Convergence is uniform on every compact subset of $\Omega$?

Question

Suppose $\{f_n\}$ is a uniformly bounded sequence of holomorphic functions in $\Omega$ such that $\{f_n(z)\}$ converges for every $z \in \Omega$. Does it necessarily follow that the convergence is uniform on every compact subset of $\Omega$? Here, $\Omega$ denotes a plane open set.
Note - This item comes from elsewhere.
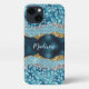 Chic floral glittery Teal Turquoise gold monogram iPhone Case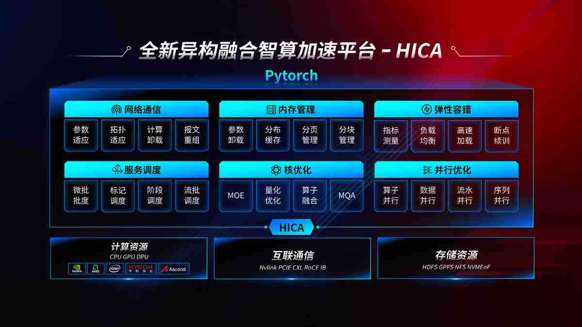 通过自研的服务层、、、、中间适配层、、以及调度编排算法,,,,采用数据并行、、、、模型并行等多种并行方式,,,把并行计算任务进行有效的分解,,使其分别由相应的软件栈和算力资源来承接。。。当GPU资源变化,,,HICA可以实时动态调度计算子任务并调整模型拓扑和架构,,,,以充分聚合各种算力资源。。

Idea. Perhaps we should apply the dominated convergence theorem to the Cauchy formula for $f_n - f_m$?

Answer 1

It is true (assuming that $\Omega$ is an open subset of $\Bbb C$):

Assume that $f_n \to f$ pointwise, but not uniformly on a compact set $K \subset \Omega$. Then there exists an $\varepsilon > 0$, a subsequence $(f_{n_k})$ of $(f_n)$, and a sequence $(z_k)$ in $K$ such that $$ \tag{*} |f_{n_k}(z_k) - f(z_k) | \ge \varepsilon \text{ for all } k \in \Bbb N \, . $$

$(f_n)$ is uniformly bounded, so by Montel's theorem it is normal: $(f_{n_k})$ has a locally uniformly convergent subsequence $(f_{n_{k_l}})$. In particular, $f_{n_{k_l}} \to f$ uniformly on $K$, which gives a contradiction to $(*)$.